Some Australian producers are placing a lot of faith in direct-to-consumer sites, some of which import wine in bulk, and bottle locally under their own proprietary labels. In effect, it’s an own-brand and margin can be set and kept.
Little thinks it’s very difficult to open an independent wine store on the east coast catering for locals. “Got to think bigger, create national lists, proactively court customers, send out email offers, have an offsite warehouse where you can buy deep to get better wholesale pricing etc.”
Steve Raye, president of Bevology Inc, knows the US wine industry in all its aspects in depth. He puts forward some points of interest:
- The purchase of Whole Foods by Amazon. That’s a US$13.7 billion way to say delivery is an important feature of retailing in food, and given Amazon’s control of a large portion of wine e-commerce, also wine.
Raye’s advice is “stay tuned”. On Lidl, he says:
- Entry of Lidl to complement what Costco is doing… will have significant footprint as they expand. Right now, not too many people are aware they’re out there and focusing to some degree on wine (and beer, I presume).

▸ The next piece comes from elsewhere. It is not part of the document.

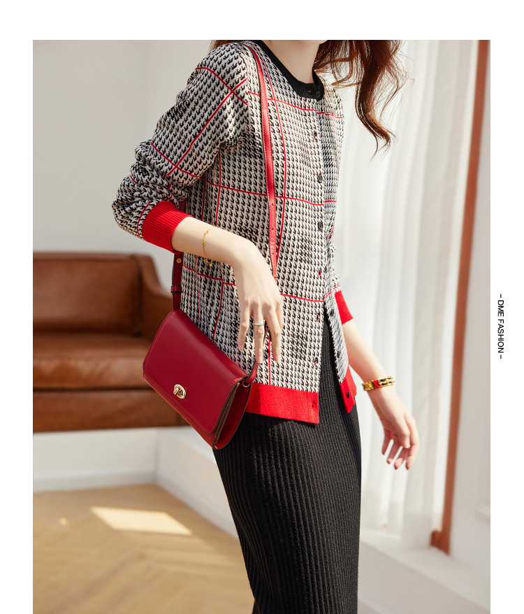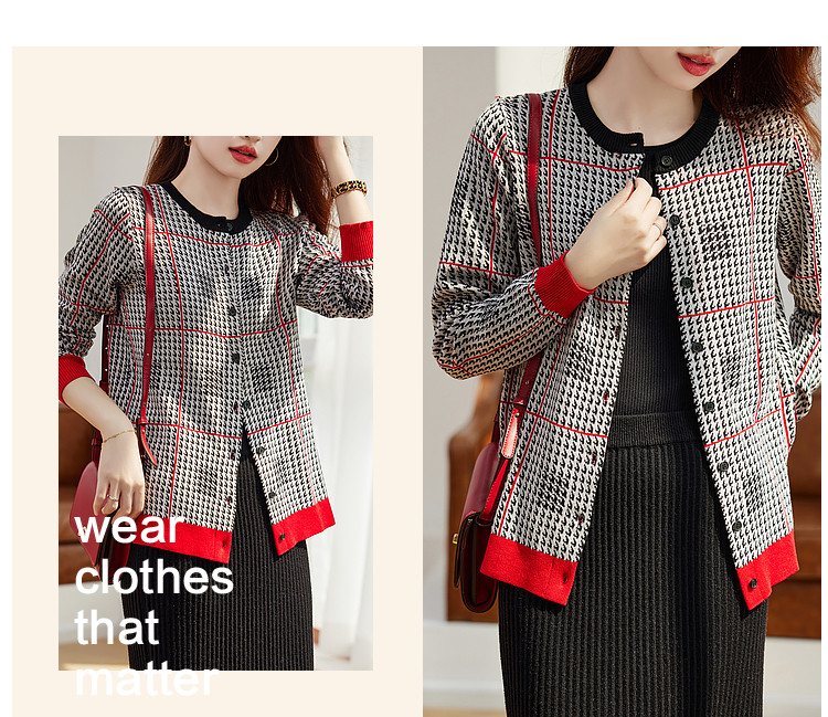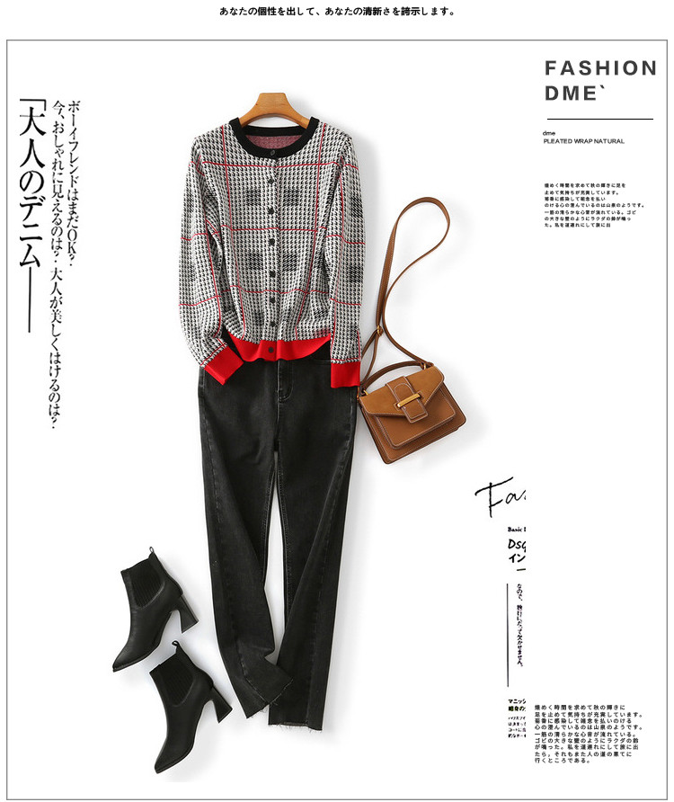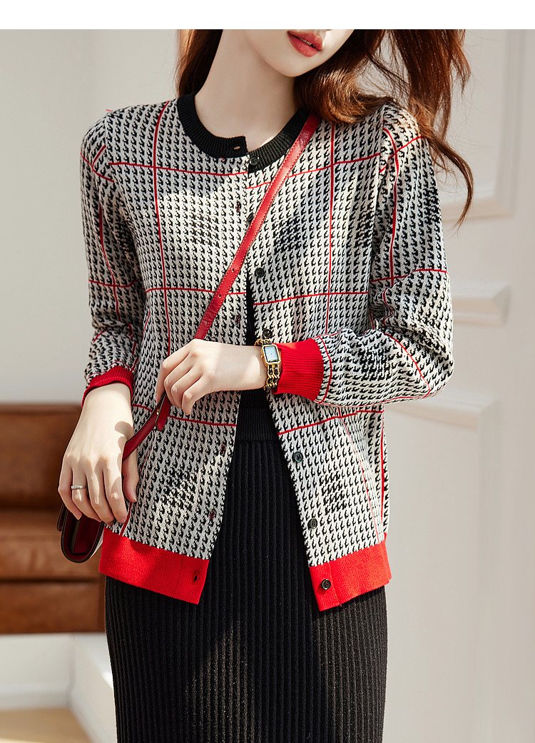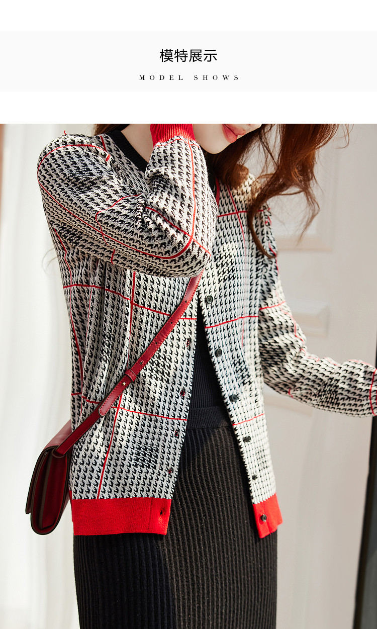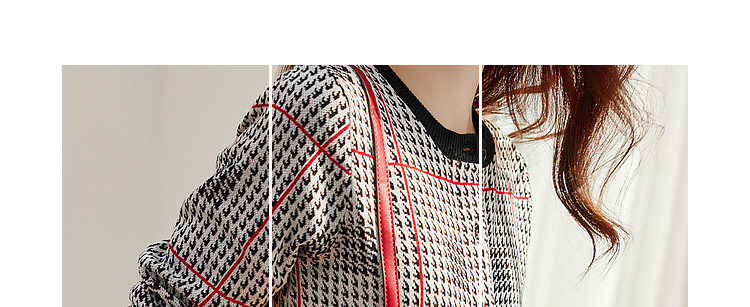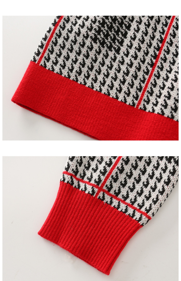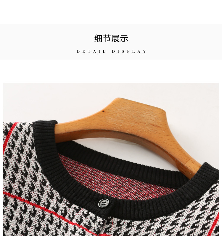 商品名称:【含绵羊毛千鸟格线衫】春秋圆领撞色罗纹长袖打底衫针织衫女上衣 394177
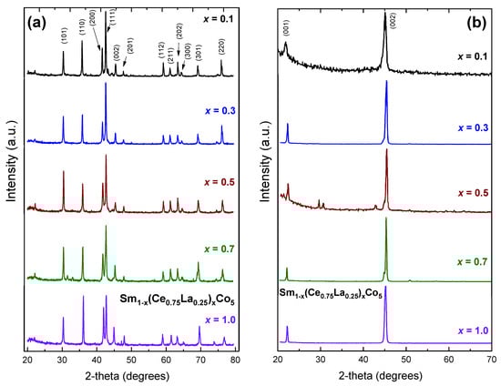 X-ray diffraction plots (Cu Κα radiation) of Sm1−x(Ce0.75La0.25)xCo5 (x = 0.1–1.0) compounds; (a) powder samples; (b) magnetically oriented samples.

Like Little, Raye sees growth in private label:
- Tremendous growth and interest. As the big suppliers and distributors focus on the bigger brands, retailers are focusing on high-margin items they can control [and] cross-sell customers to, or build relationships with customers based on unique products.
In summary, Raye forecasts:
- Continued growth, specialisation and innovative value-add concepts for traditional wine/spirit shops. Per Nielsen data, they continue to expand and represent the majority of sales for wines over US$10 (there is no consistency on category name in the system; some even call that price premium or super premium).
- These include variants such as delivery/order for pick-up (eg delivery-within-an-hour apps like Minibar Delivery, Drizly). Enhanced searches for specific wines by providers such as Drync (met them last week, meeting again for a deeper meeting next week… very interesting service that works behind the scenes as a promo tool for an individual store online, driving new and returning customer growth in numbers, total sales and net margin).
The consolidation of wholesalers has resulted in the top 10 being responsible for about US$39 billion of the almost US$53 billion US wine market:
Raye points out that in 1977 there were five to eight wholesalers in all states, and more than 3000 Wine & Spirits Wholesalers of America (WSWA) members
In 2017 there are two major wholesalers in most states and just 360 WSWA members.
According to Nielsen figures, for the 52 weeks to 25 March 2017, Australian wine was down 2.8 per cent in volume and 0.2 per cent in value in the US. Converting total wine into nine-litre cases, this amounted to 12.3 million cases. Consider that about 7 million cases came from the Casella Yellow Tail brand and it’s not a good look.
No matter one’s views on Yellow Tail, we think this vast representation is pulling the Australian category down.
The American retail landscape is changing, but with Australian eyes all seemly focused on China, we fear Australia could lose out stateside.